FT: Euronext and NYSE shift tack on merger

16 October 2006




Euronext and the New York Stock Exchange on Sunday offered to open talks with Deutsche Börse and Borsa Italiana about the purchase of their share trading businesses in a tacit acknowledgement of the growing hurdles their own merger plan now faces.

The two exchanges, in a press statement on Sunday, said they were making their offer in light of Deutsche Börse’s “unilateral” move to seek clearance from European competition authorities for an alternative merger plan between it and Euronext that could eventually lead to a single eurozone exchange.

Advisers to Euronext said the Paris-based exchange viewed the move as “hostile”. Euronext has long resisted efforts by Deutsche Börse to get it to agree to a merger, citing, among other things, the likelihood that competition authorities in Brussels would object.

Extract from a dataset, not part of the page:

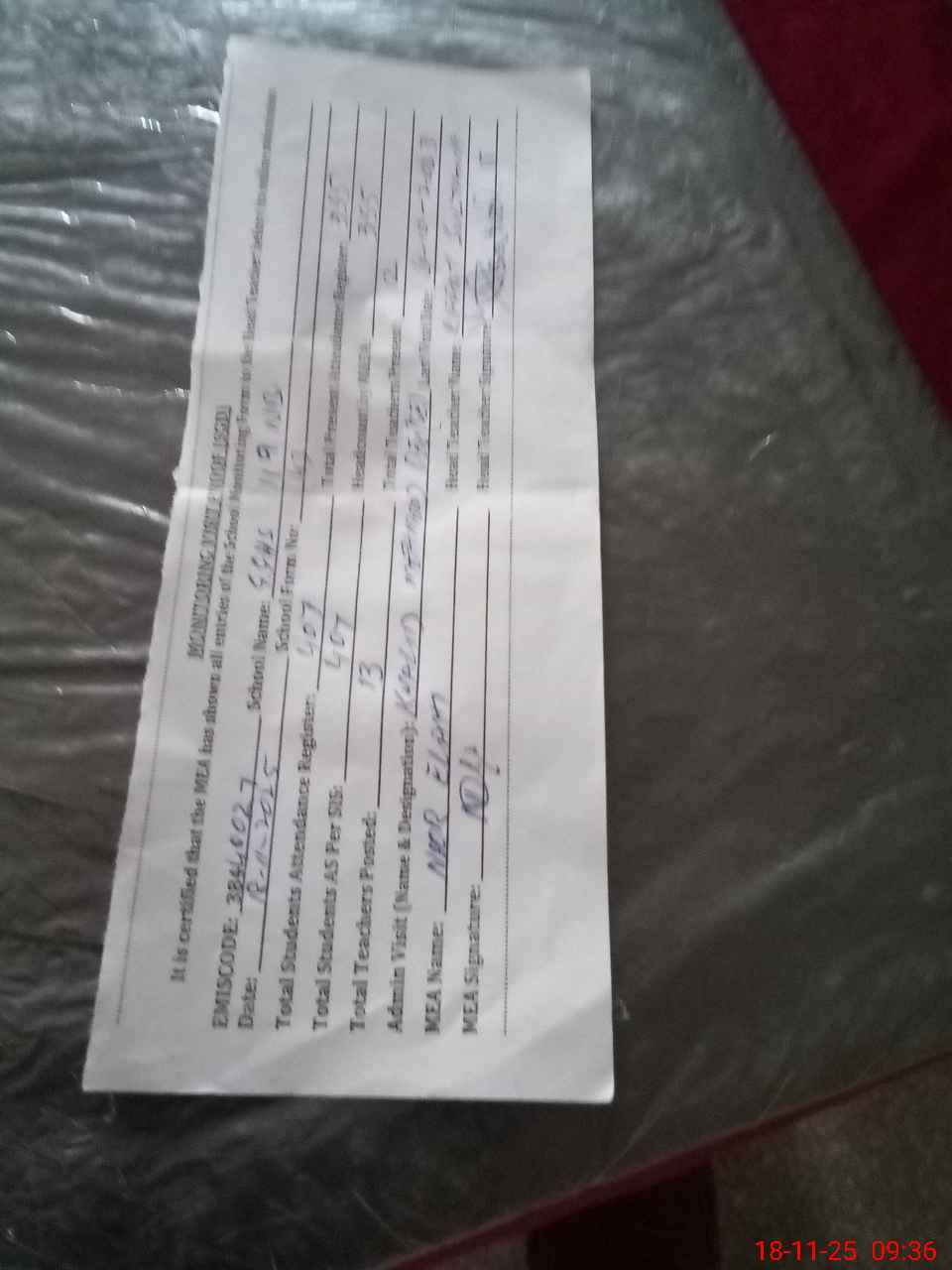 | Monitoring Date: 18-11-2025 | Start Time: 18-11-2025 09:20 AM | End Time: 18-11-2025 09:47 AM | Name of MEA: NO**** EL**** | |

Deutsche Börse’s move will put that to the test. They are offering the Italian and German exchanges one seat each on a board of 22 members, equally split between US and European representatives. Deutsche Börse on Sunday repeated its previous view that such an offer was unattractive.

Euronext and NYSE on Sunday sought to portray their deal as the best for Europe. “This combination would be advantageous to Europe while leveraging transatlantic synergies,” they said. A Euronext spokesman added that it was still confident its tie-up with NYSE would go ahead.

However, objections to it have arisen from various quarters of European political and financial circles almost daily for over a week. On Friday, Deutsche Börse formally rejected the offer to sell its equities business to a combined NYSE/Euronext and the Italian stock exchange is understood to be equally cool about such a transaction.

On Thursday, Borsa Italiana also implicitly rebuffed the NYSE/Euronext tie-up, with its board authorising its executives instead to work with Deutsche Börse on seeking a three-way merger of continental exchanges. Just one week earlier a report from French industrialist Henri Lachmann, prepared on behalf of lobbying group Paris Europlace, concluded that the tie-up with the NYSE would amount to a takeover of Euronext by the US exchange with no guarantee of any benefits for the French market.